[[ Provided data open ]]

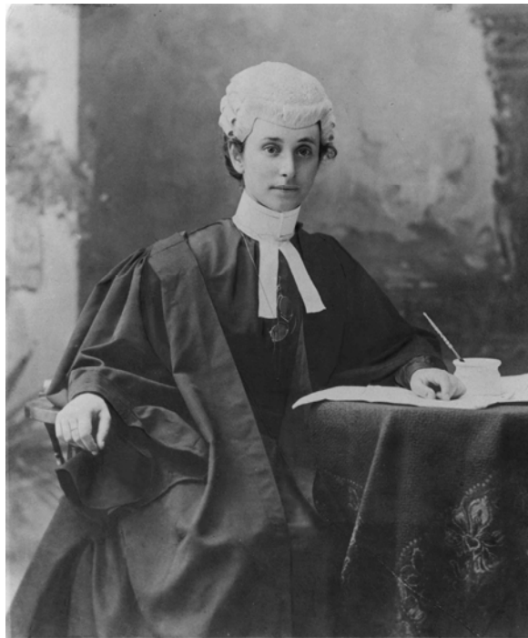
Ethel Benjamin (1875-1943), University of Otago graduate and the first woman in the British Empire to qualify as a barrister and solicitor.
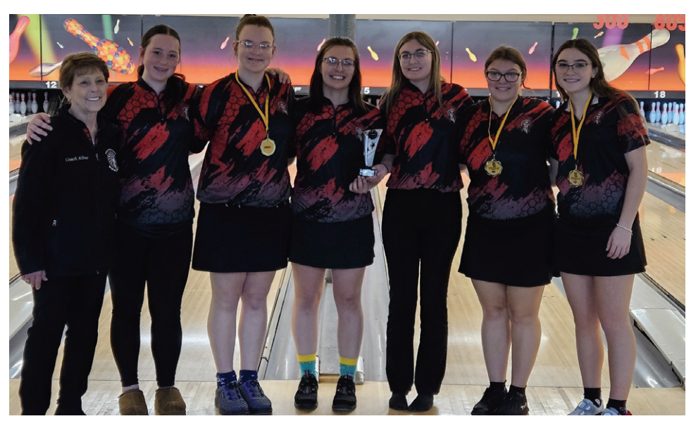
Members of the Bellefontaine girls varsity bowling team pose after taking first place at the Holiday Classic tournament on Saturday at T-P Lanes.
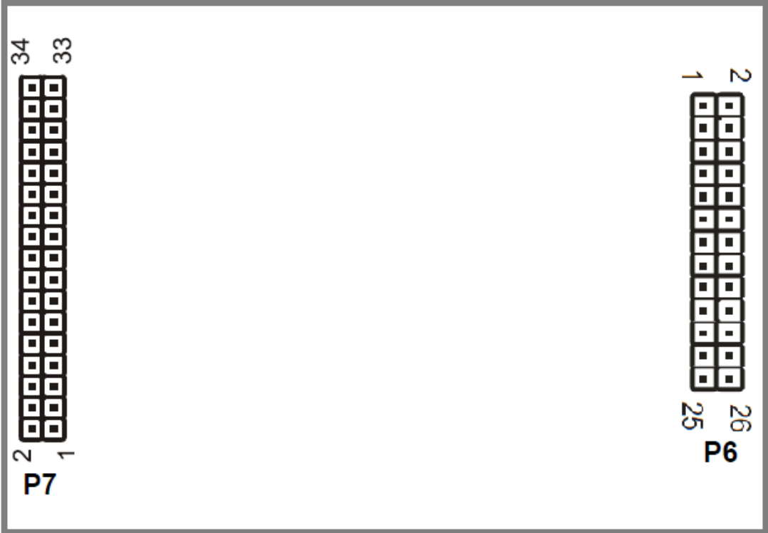
Figure 6-2: TTL I/O Pin Assignments (P7)
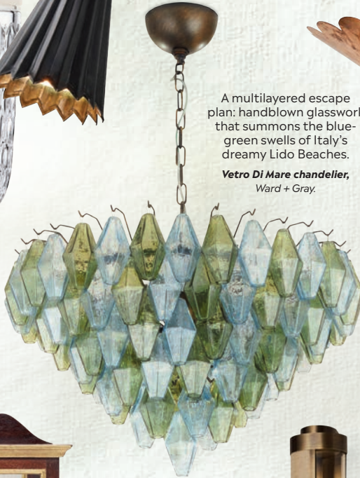
Vetro Di Mare chandelier, Ward + Gray.

Stacked glass bubbles recall watery journeys down Venice's canals, while an interior brass spiral mimics rippling water.
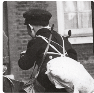
A Child's War
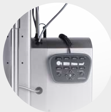
Magnetic plate for remote control ART. NO. Z1.045

[[ Provided data closed ]]

◆ **Required work**
Every line above is to be reproduced verbatim, and the pictures are to be omitted.

◆ **Written answer**
Ethel Benjamin (1875-1943), University of Otago graduate and the first woman in the British Empire to qualify as a barrister and solicitor.
Members of the Bellefontaine girls varsity bowling team pose after taking first place at the Holiday Classic tournament on Saturday at T-P Lanes.
Figure 6-2: TTL I/O Pin Assignments (P7)
Vetro Di Mare chandelier, Ward + Gray.

Stacked glass bubbles recall watery journeys down Venice's canals, while an interior brass spiral mimics rippling water.
A Child's War
Magnetic plate for remote control ART. NO. Z1.045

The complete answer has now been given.